Siempre que había entrado en ese patio, Ivri había sido recibido por un murmullo de voces, de sonidos. Ahora, solo escuchaba el silencio; una quietud absoluta que lo hizo estremecer, sobre todo cuando sus ojos se posaron en los brotes del huerto. Dentro de muy poco, las berenjenas que con tanta ilusión había sembrado Efraím darían fruto. Y se preguntó qué penurias estaría pasando su mejor amigo por culpa de su estupidez.

Sacudió la cabeza. No era momento de añoranzas; tenía que vivir el presente.

—¿Qué ocurre, padre? ¿Remordimientos?

—¿Acaso te sorprende? Hace apenas media hora que Efraím y su familia han salido de esta casa. Me siento como un intruso.

—Por favor, no seas tan ingenuo. Se la compraste, y a muy buen precio. Cualquier otro no le habría dado ni la mitad de su valor. Fuiste del todo justo. Tenemos derecho a tomar posesión de ella y hacer cuanto se nos antoje.

Ivri asintió.

—Tienes razón. Vamos. Aún nos queda mucho que hacer hoy y no podemos perder tiempo —dijo echando a andar.

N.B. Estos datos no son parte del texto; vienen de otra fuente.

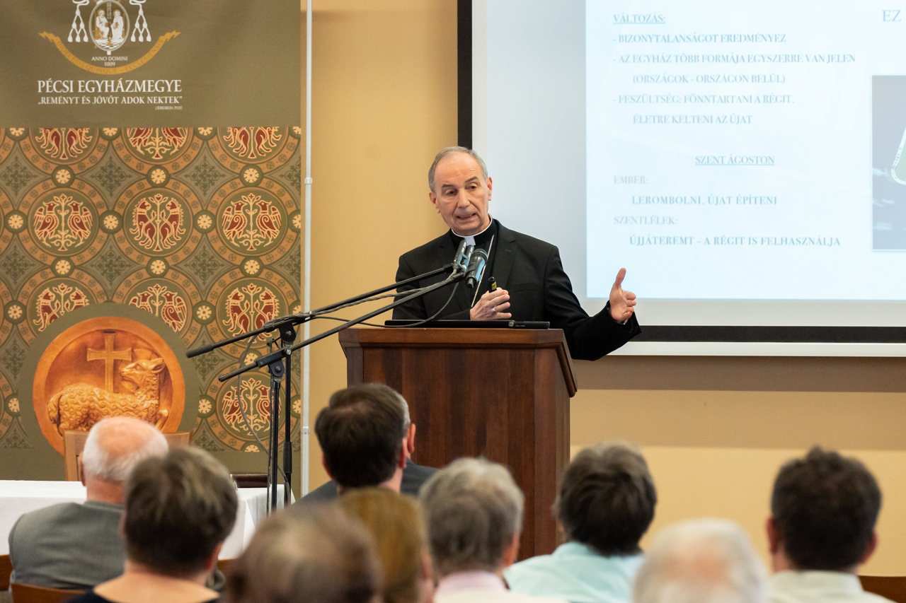 A Veszprémi Főegyházmegye érseke, a Pécsi Egyházmegye korábbi püspöke április 10-én Pécsett, a Magtár Látogatóközpontban arról beszélt, hogyan tud meghívó, befogadó és megtartó lenni korunk Egyháza.

Su hijo caminó tras él. Cruzaron el zaguán y entraron en el salón. Todo estaba como siempre. Parecía como si los muebles, la decoración, aguardasen la llegada de sus dueños; pero estos jamás regresarían. «Como tampoco ella», se dijo el muchacho al fijar sus ojos grises en la pintura que colgaba sobre la chimenea. Ilana, rodeada por sus padres, ofrecía esa sonrisa que siempre le cautivó, y que probablemente se habría esfumado. Pero ella era la única culpable. Como no quiso atender a los ruegos de aquellos que obraron con sensatez, ahora debía pagar las consecuencias y ellos, dejar que su recuerdo se borrara para siempre. No había vuelta atrás, tenían que continuar con la nueva vida que se habían marcado, por muy difícil que les resultara. Lo que no llegaba a comprender era cómo una muchacha podía preferir el exilio, o incluso la muerte, a ser la esposa de un hombre respetado, rico, apuesto y dentro de pocos años, dueño de un negocio productivo e influyente. ¡Muchacha estúpida! Algún día se daría cuenta del terrible error que había cometido y lo lamentaría hasta su muerte.

—¿De verdad piensas que Efraím lo tenía? —dijo acariciando el mantel. Era de fino brocado, la última labor de Ilana. Aún podía verla con nitidez entrelazando los hilos sobre el cojín, cambiando las agujas con una precisión asombrosa.

—Solo son especulaciones, habladurías. Aun así, no perdemos nada con indagar. ¿Dónde crees que puede haberlo escondido?

—Dado su tamaño, podemos olvidarnos de los escondrijos pequeños. Eso suponiendo que no lo destruyese.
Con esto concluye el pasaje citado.